Development and evaluation of the in vitro biological potential of nanostructured lipid carriers containing doxycycline dispersed in a mucoadhesive thermoresponsive hydrogel for intranasal administration as a treatment for glioblastoma multiforme

Abstract

Glioblastoma multiforme (GBM) is a lethal brain tumor with a poor prognosis, characterized by a high recurrence and mortality rate. The challenges in treating GBM include the blood-brain barrier (BBB), which hinders drug penetration into the central nervous system (CNS), and resistance to the first-line drug, temozolomide (TMZ).

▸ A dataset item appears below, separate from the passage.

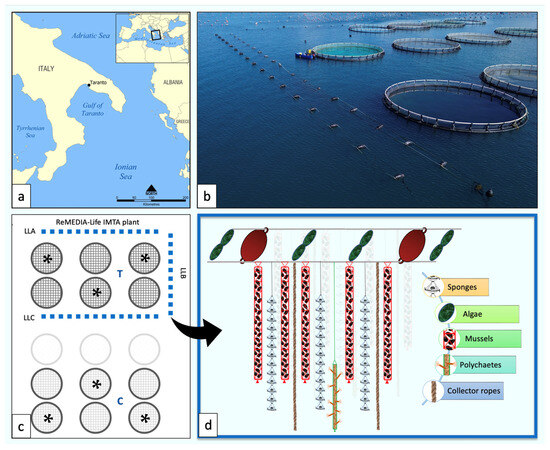 The REMEDIA Life IMTA system: (a) Geographic location of the IMTA system in the Northern Ionian Sea (Mar Grande of Taranto, Southern Italy); (b) aerial photograph of the “Maricoltura Mar Grande” facility and IMTA system; (c) map of the IMTA facility showing the position of the three long lines (LLA, LLB, and LLC) and the two areas: T (treatment) and C (control); (d) drawing of the long lines with the bioremediator organisms on the vertical collectors. The asterisk indicates the cages from which the fish were sampled for the treatment and control groups.
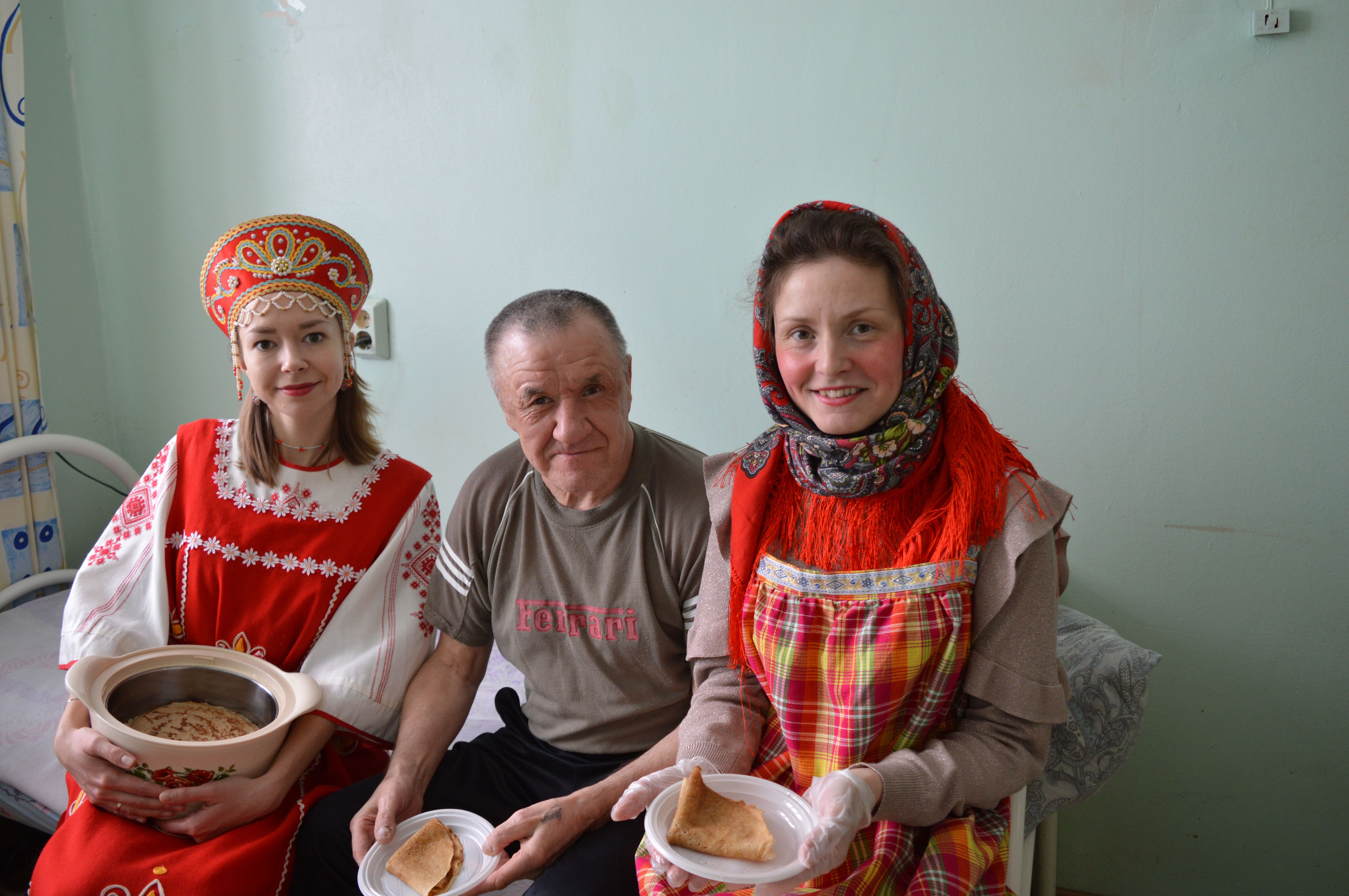 А у нас в Октябрьском геронтологическом центре участницы завтрашнего большого праздника решили сегодня провести своего рода генеральную репетицию, покрасоваться в праздничных нарядах да повеселить честной народ (мужскую его половину). Наши самодеятельные артисты посетили проживающих 4-го отделения милосердия, пели для них весенние песни, весёлые частушки и заклички, загадывали блинные загадки и, конечно, угощали вкусными блинами. А как это было - вы можете узнать из нашего небольшого фоторепортажа.

Therefore, research into new treatments that overcome these limitations is necessary. One strategy for finding new therapies is drug repurposing, which aims to discover new therapeutic indications for well-established drugs. In this context, doxycycline (DOX), currently used as a broad-spectrum antibiotic, is a drug of interest due to its antineoplastic action, which works by inhibiting mitochondrial biogenesis. Combined with DOX, the use of nanostructured lipid carriers (NLC) offers advantages such as controlled drug release and the intrinsic ability to cross the BBB. Therefore, this study aims to investigate the cytotoxic efficacy of NLC containing DOX, dispersed in a mucoadhesive thermoresponsive hydrogel for intranasal administration. The NLC will be obtained by the fusion-emulsification technique followed by sonication. The obtained NLC will be characterized in terms of their hydrodynamic diameter, polydispersity index, and zeta potential. The encapsulation efficiency of DOX in the NLC will be determined using high-performance liquid chromatography. The release profile of DOX contained in the NLC or in solution will be determined using a dialysis membrane. The in vitro cytotoxicity of NLC containing DOX will be determined using the U87MG GBM cell line. The mucoadhesive thermoresponsive hydrogels will be formulated and characterized for rheology, mucoadhesive properties, release, and permeation.